By Jorge • Oct 29th, 2007 • Category: Business Strategies, Innovation, Inspiration, Strategies, Techniques

This is the first part of a 4 part series of articles regarding challenges.

Imagine 5 brilliant entrepreneurs sitting down to consider new ideas. They can’t get started until someone proposes something. But where does the proposal come from? How do they decide what problem to solve? Who decides the focus? How do they determine the goals? If they try to come up with new ideas without having a specific goal, they could consume an infinite amount of time with no purpose.

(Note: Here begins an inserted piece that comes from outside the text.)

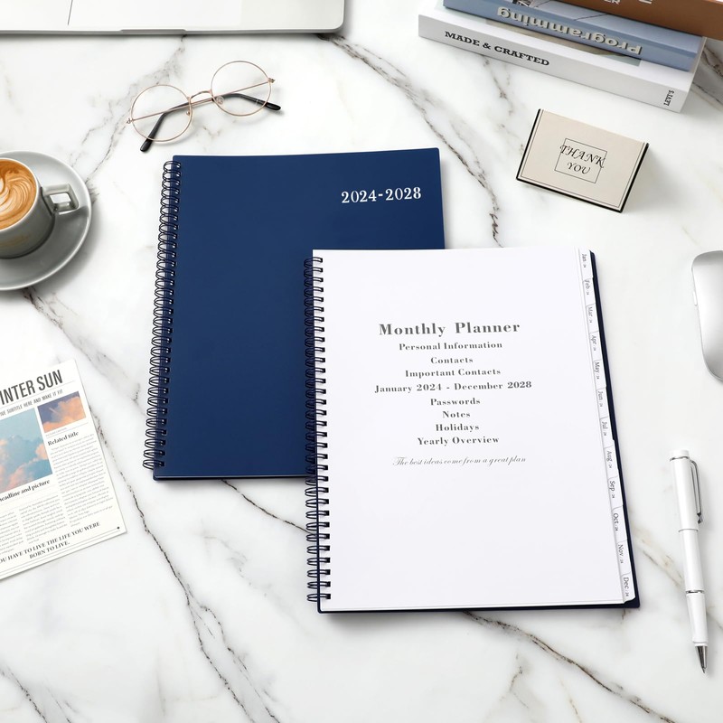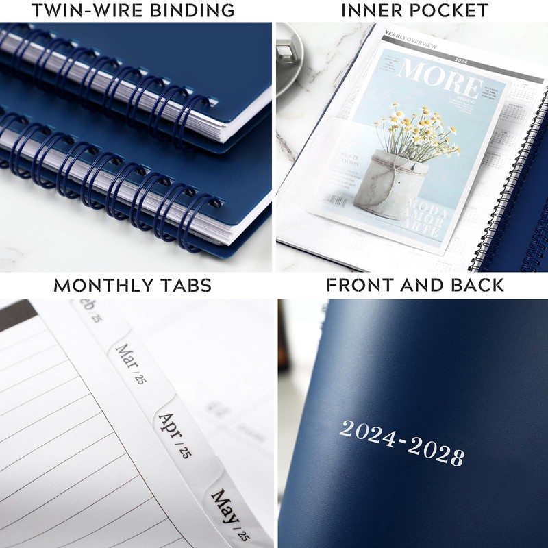 - đź“… PROFESSIONAL DESIGN - Sturdy metal twin-wire binding allows for 360 degree folding over. Flexible durable cover to protect inner pages of this 2024-2028 monthly planner. Coated monthly tabs and back double-sided pocket for storing your scattered items, such as cards.

Before you start looking for ideas, you need to know what your goal is. A problem is nothing more than opportunity in work clothes. A successful businessperson pays attention to problems, converting the problems into opportunities and deciding which opportunities are worth pursuing. These opportunities become productive challenges.

Anyone can learn how to pay attention. As a focusing exercise, select a color at random and spend an entire day looking for items that are that color or contain it. For instance, if you choose red you will discover an incredible number of red objects: cars, books, clothes, houses, shoes, hats, etc. Familiar objects will become new again, reds will become richer and you will find that your perspective toward “red” has been dramatically changed. By tuning in “red” and tuning out other colors, you allowed to understand the color red more deeply.

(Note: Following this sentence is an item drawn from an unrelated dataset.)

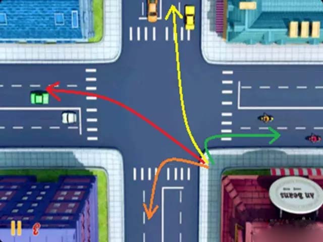 如果是一個四方向都是左轉與直行同時放行的路口,請參照下面的提示。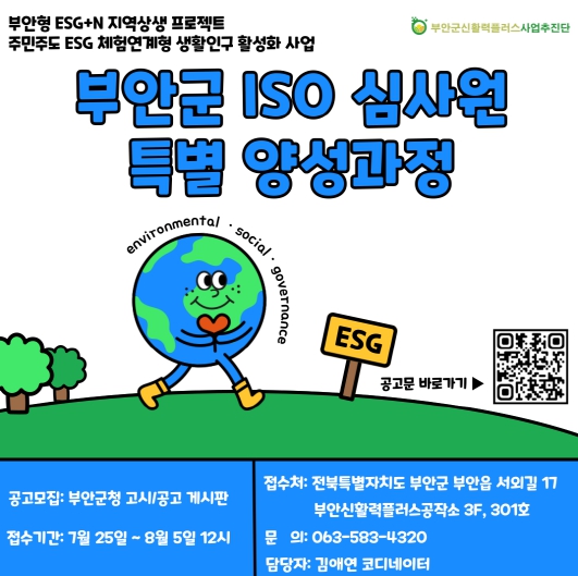 모집 대상은 부안군 관내 기업 및 공무원, 중간지원조직 근무자, 4년제 대학 재학생 또는 부안군 ESG 사업과 관련성이 인정되는 자 등으로 총 10명을 선발한다. 자세한 사항은 부안군청 고시공고 게시판을 통해 확인할 수 있다.

Unless you set your business problems down in writing, your attention is constantly shifting and you become indecisive about what you should focus on. Listing problems in a way for you to decide which ones are worth solving. It transforms a body of information into a set of components that can be restructured, checked and searched. Start keeping a journal of problems that you find to be personally interesting and that would be worthwhile to resolve. The following questions may help you get started:

  • What would you like to have or to accomplish?
  • What business idea would you like to work on?
  • What do you wish would happen in your job?
  • What business relationship would you like to improve?
  • What would you like to do better?
  • What do you wish you had more time to do?
  • What more would you like to get out of your job?
  • What are your unfulfilled goals?
  • What excites you in your work?
  • What angers you at your work?
  • What misunderstandings do you have at work?
  • What have you complained about?
  • What changes for the worse do you see in the attitudes of others?
  • What would you like to get others to do?
  • What changes would you like to introduce?
  • What takes too long?
  • What is wasted?
  • What is too complicated?
  • Where are the bottlenecks?
  • In what ways are you insufficient?
  • What wears you out?
  • What in your job turns you off?
  • What would you like to organize better?
  • In what ways could you make more money at work?
  • The mere act of writing a challenge may trigger your mind to create something meaningful to fill in the gaps and solve it.